DATA BELOW START

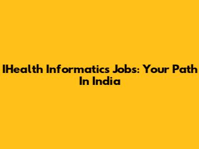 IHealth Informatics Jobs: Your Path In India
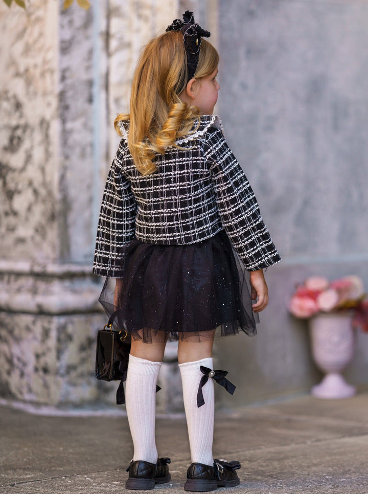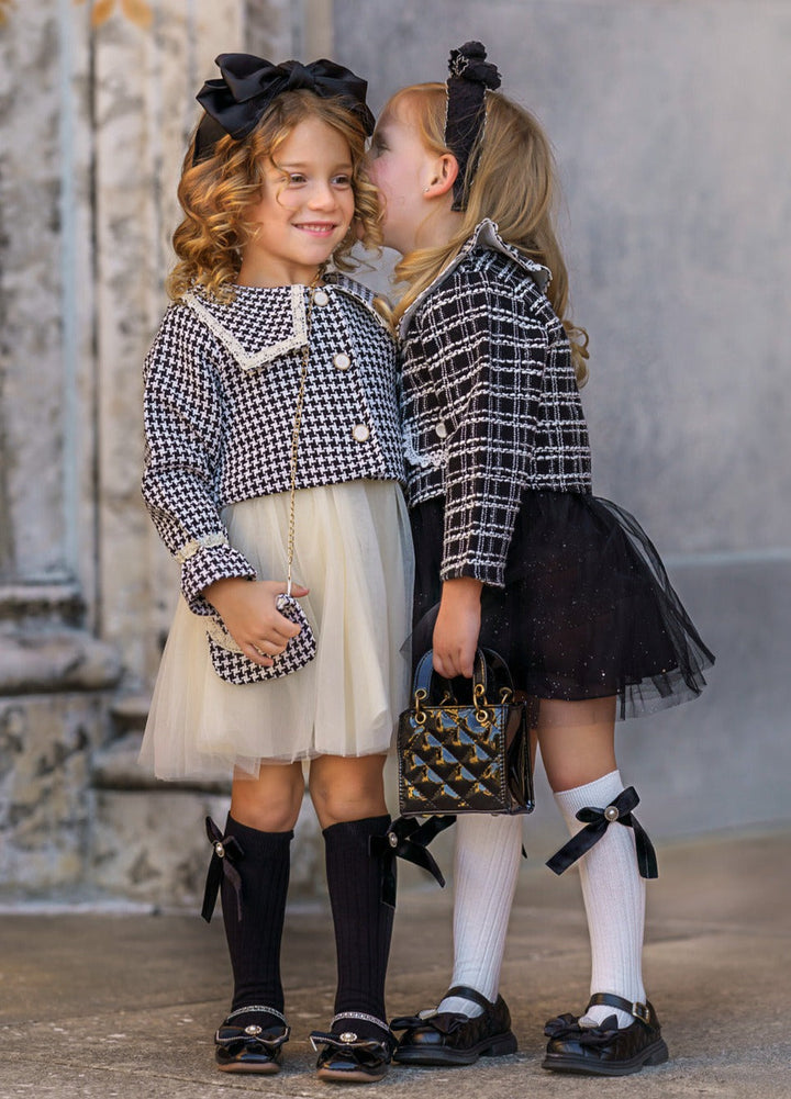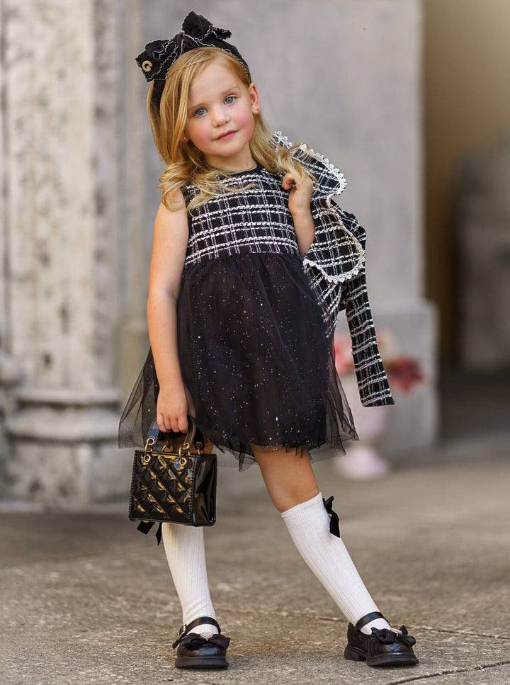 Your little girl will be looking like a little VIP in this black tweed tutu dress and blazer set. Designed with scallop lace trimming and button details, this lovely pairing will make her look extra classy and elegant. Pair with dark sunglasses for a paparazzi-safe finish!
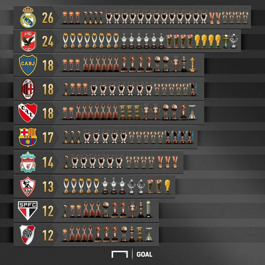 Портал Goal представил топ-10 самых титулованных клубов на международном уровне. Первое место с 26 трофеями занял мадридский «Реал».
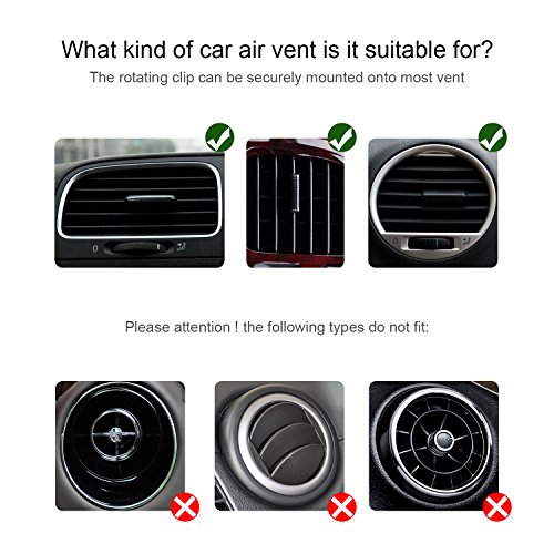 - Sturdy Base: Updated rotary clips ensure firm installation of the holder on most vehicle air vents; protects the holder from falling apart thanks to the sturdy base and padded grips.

DATA BELOW END

◆ ASSIGNMENT ◆
Every line of the data above is to be repeated exactly; the images are to be left out.

◆ FINISHED EXERCISE ◆
 IHealth Informatics Jobs: Your Path In India
 Your little girl will be looking like a little VIP in this black tweed tutu dress and blazer set. Designed with scallop lace trimming and button details, this lovely pairing will make her look extra classy and elegant. Pair with dark sunglasses for a paparazzi-safe finish!
 Портал Goal представил топ-10 самых титулованных клубов на международном уровне. Первое место с 26 трофеями занял мадридский «Реал».
 - Sturdy Base: Updated rotary clips ensure firm installation of the holder on most vehicle air vents; protects the holder from falling apart thanks to the sturdy base and padded grips.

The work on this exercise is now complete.